TORONTO -- DURING THE seventh inning of Major League Baseball postseason games he watched as a child, Blake Snell would stand, put his hand over his heart and sing in the living room of his home in Shoreline, Washington. There was something wondrous about the whole spectacle -- the entire stadium out of their seats, belting out "God Bless America" in unison, and the pitcher smack dab in the middle of it -- that burrowed into Snell's head, never to be forgotten, every start an opportunity to become the sort of pitcher he once watched and revered.
"All I've ever wanted to do is just be on the mound in the seventh inning of a playoff game when 'God Bless America' is playing," Snell said. "That's the coolest thing to me. I've been chasing that for 20-something years. Twenty years. And then in Milwaukee, I finally got to feel that."
Eleven days ago at American Family Field, during Game 1 of the National League Championship Series, everything came together in one near-perfect night. For the previous two decades, Snell had built himself from skinny project to big leaguer. From main character of one of the most controversial decisions in modern baseball to the 22nd player ever to capture multiple Cy Youngs. From naive prospect to learner with a voracious appetite to the man ready to take all of those experiences and make "God Bless America" a reality. And there he was, atop the mound, the criticism that he couldn't go deep into games forever eradicated by one of the great pitching performances in postseason history.
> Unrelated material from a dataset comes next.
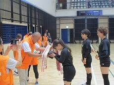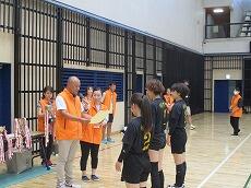 閉会式の様子です。「表彰」では、「賞状」と「優勝カップ」、「バレーボールのボール」が授与されました。

As Snell prepares to start Game 1 of the World Series for the heavily favored Los Angeles Dodgers against the Toronto Blue Jays on Friday, he does so coming off eight innings of one-hit, walk-free, 10-strikeout baseball. Milwaukee swung and missed at 22 of Snell's 103 pitches. Milwaukee manager Pat Murphy called it "the most dominant performance against us" in his 10 years with the Brewers.
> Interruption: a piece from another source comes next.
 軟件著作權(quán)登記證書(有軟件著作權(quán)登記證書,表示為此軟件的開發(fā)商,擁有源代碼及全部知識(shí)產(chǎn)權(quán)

To Snell, it was preordained. It took four teams, 10 years and countless failures. It needed the insight of teammates, the wisdom of coaches and the support of his wife. But it was always bound to happen, Snell believed, because piece by piece, he's been building something. Good would not be good enough. Great, either. He wanted to be 6-foot-4 and 225 pounds of inimitability and inevitability.
"I've always wanted to be the best pitcher in the world," Snell said. "I've always chased it."
This October, he has found it. Among all the titans who pitched this postseason -- from Detroit's Tarik Skubal to Boston's Garrett Crochet to fellow Dodgers star Yoshinobu Yamamoto -- Snell has been the best. The fastball up to 99, the darting changeup, the slider and curveball now more thinking man's pitches than wastes to induce chase. It's all there, an impressive feat, but that's only half the story.
How he got here is the other half.
IN 2018, AT 26 years old, Blake Snell messed around and won the American League Cy Young Award. The Tampa Bay Rays had drafted Snell with the 52nd pick seven years earlier and brought him along slowly. His left arm crackled with electricity and at-bats against him were ground faults. Even if Snell had a well-earned reputation for walking too many batters, the hopelessness of hitters trying to square up his pitches in the strike zone carved Snell a path to the major leagues. Three years into his major league career, operating on instinct more than know-how, he won 21 games and posted a 1.89 ERA in 180⅔ innings.
"You're young and dumb, so you're fearless because you don't know," Snell said. "You think you're invincible, that you'll be the best ever, but you're not doing stuff to set yourself up that way. I had incredible talent. In '19, I'm like, I'm going to do it again. And then reality check."
His ERA ballooned to 4.29 that following season. Batters hit more than 100 points higher on balls in play than they had in 2018. Snell started doubting himself. He regarded it as a bad thing. He did not, at the time, understand the value of failure and what it forced him to teach himself.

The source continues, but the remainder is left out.